Over the last decade, the research on autonomous vehicles (AVs) has made revolutionary progress, which brings us hope of safer, more convenient, and more efficient means of transportation. Most significantly, the advance of artificial intelligence (AI), especially machine learning, allows a self-driving car to learn and adapt to complex road situations with millions of accumulated driving hours, which are way higher than any experienced human driver can reach. However, autonomous vehicles on roads also introduce new challenges to traffic management, especially when we allow them to travel mixed with human driving vehicles.

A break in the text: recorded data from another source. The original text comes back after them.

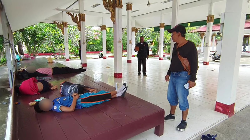 นายแดง สัปเหร่อวัดโพธิวราราม เปิดเผยว่า เช้าวันนี้ขณะกำลังจะมาทำความสะอาดศาลาธรรมสังเวช เพื่อเตรียมสถานที่จัดพิธีบำเพ็ญกุศลศพ พอมาถึงก็พบเด็กชาย 3 คน นอนรวมกันอยู่บริเวณศาลาในสภาพน่าสงสาร หนาวสั่นไปทั้งตัว จึงเข้าไปปลุกและสอบถาม ทราบว่าเด็กทั้งหมดมีบ้านและอยู่ในวัยเรียน แต่ไม่ไปโรงเรียนตามปกติ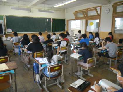 待ちに待った全員集合の日。分散登校は昨日で終わり,今日はたくさんの子どもたちの元気な顔が教室に集まりました。全員集まったほうが授業も楽しいし,給食もさらに美味しく感じます。5年生,再スタートです!!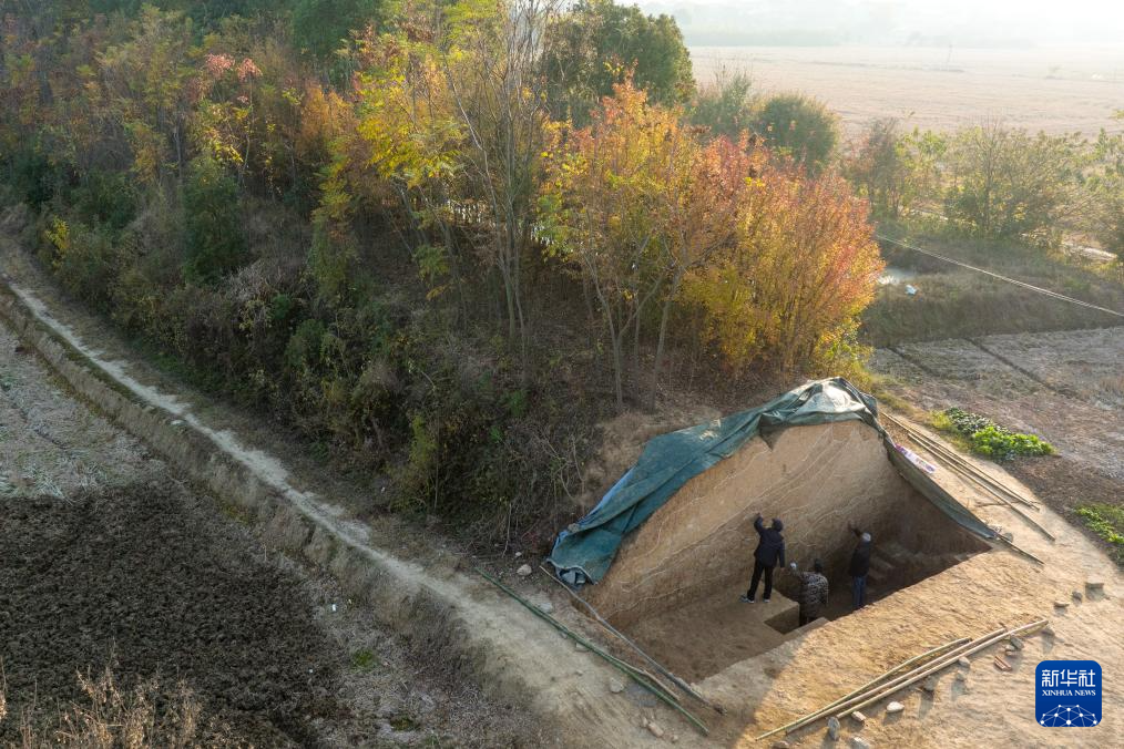 2023年12月4日拍摄的湖北荆门屈家岭遗址一角(无人机照片)。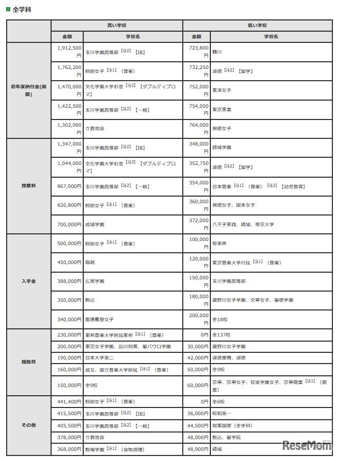 初年度納付金の高い学校、低い学校(全学科)

New theories for better understanding of the new era of transportation and new technologies for smart roadside infrastructures and intelligent traffic control are crucial for development and deployment of autonomous vehicles. This presentation will discuss some of these challenges, especially the social aspects of autonomous driving, including interaction between autonomous vehicles and roadside infrastructures, mechanisms of traffic management, the price of anarchy in road networks and automated negotiation between vehicles.

Dongmo Zhang is an Associate Professor in Computer Science and Associate Dean Graduate Studies in School of Computer, Data and Mathematical Sciences at Western Sydney University. He is a leading researcher in Artificial Intelligence, working in a wide range of areas, including multi-agent systems, strategic reasoning, automated negotiation, belief revision, reasoning about action, auctions, trading agent design etc. He has published around 150 papers in international journals and conferences, including the top AI Journals, such as AIJ, AAMAS & JAIR, and the top AI conferences, such as IJCAI, AAAI & AAMAS.  He has been an area chair, senior PC or PC for many top AI conferences, IJCAI, AAAI, ECAI, PRICAI, AJCAI, AAMAS, KR&R etc. He and his research team have also received several international awards, such champions of Trading Agent Competitions and best paper awards.